映し出されたフェルプスの肉体を見てすごいと思ったのが、肩の柔軟性と大腿部の太さです。

番組では高速度カメラと映像技術を駆使して多方面から彼の泳技術を解明しています。
彼の強さの1つとして、スタート・ターンでの深い潜りを紹介していましたが、
それを可能にしているのは、強いキック力です。

キック力強化として行っているのは、腰に8キロの重量をつけた状態で行うトレーニングです。
まずは立ち泳ぎ。腕は使わず、脚(ドルフィンキック)だけで、40秒間浮かぶ。
これを10秒レストで10回行います。
次に、水中ジャンプを10回1セットを、30秒のインターバルで10セット。
計100回も水中ジャンプを繰り返します。

番組ではコアの強さについて、あまり強く言われていませんでしたが、
あの力強いドルフィンキックは、体幹の強さ(特に下側:股関節周囲筋)に基づくものだと考えられます。
さらに入水後の潜水時に、体幹と下肢が大きくしなやかに動かしても、
腕・肩がぶれずに水中を進めるのも、体幹(特に上側:肩関節周囲筋)が強いからだと考えられます。
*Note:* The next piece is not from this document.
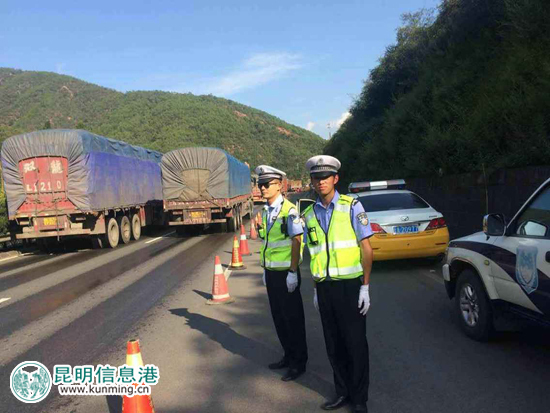 从21日下午4点开始,在昆楚交警的指挥下,一直到9月22日凌晨5点,所有滞留在安楚高速上的车辆才退出去。抢险期间,绕行通往彩云、长田收费站道路正常。大约有180多辆超长大货车无法在老320国道上通行,司机们自愿留在程家坝、楚雄服务区等待垮塌路段开通。
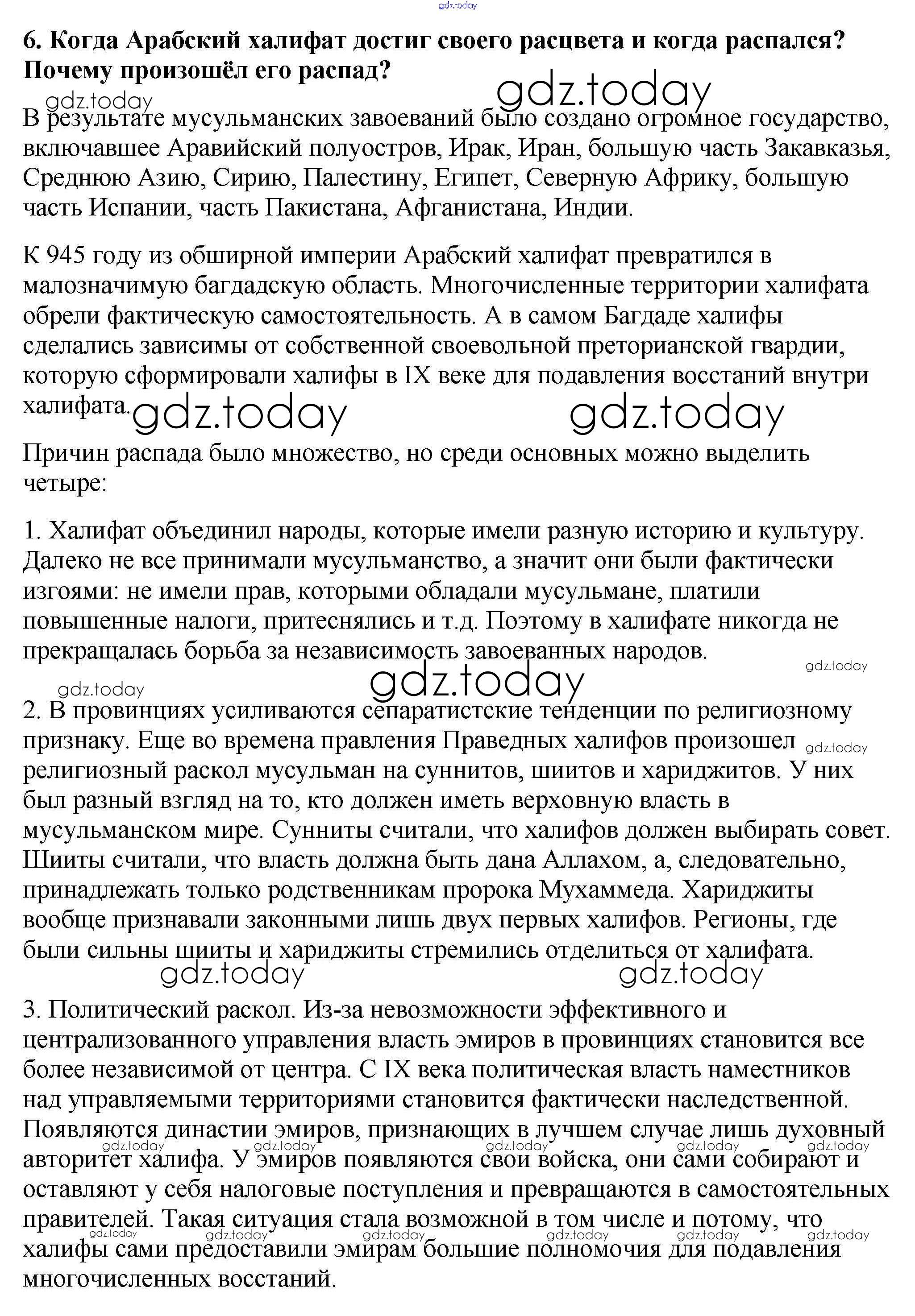 На страницах сайта gdz.today вы найдете учебный и вспомогательный материал, направленный на улучшения знаний школьной программы. ГДЗ - онлайн мир знаний Проверьте себя § 9. Возникновение ислама. Арабский халифат и его распад 6 Учебнику по Всеобщей истории для 6 класса Агибалова, Донской Просвещение 2014

水中でのキック力のトレーニングは体幹の強化にもつながっています。
パウエルのときのように、体幹の秘密についても触れてほしかったのですが、
あのキック力のトレーニングを見ただけでも、見たかいがありました。

競泳ではいかに抵抗を減らし、推進力を高めるかが重要であることを、しっかり押さえており、
競泳の奥の深さをスポーツ科学が垣間見させてくれた番組でした。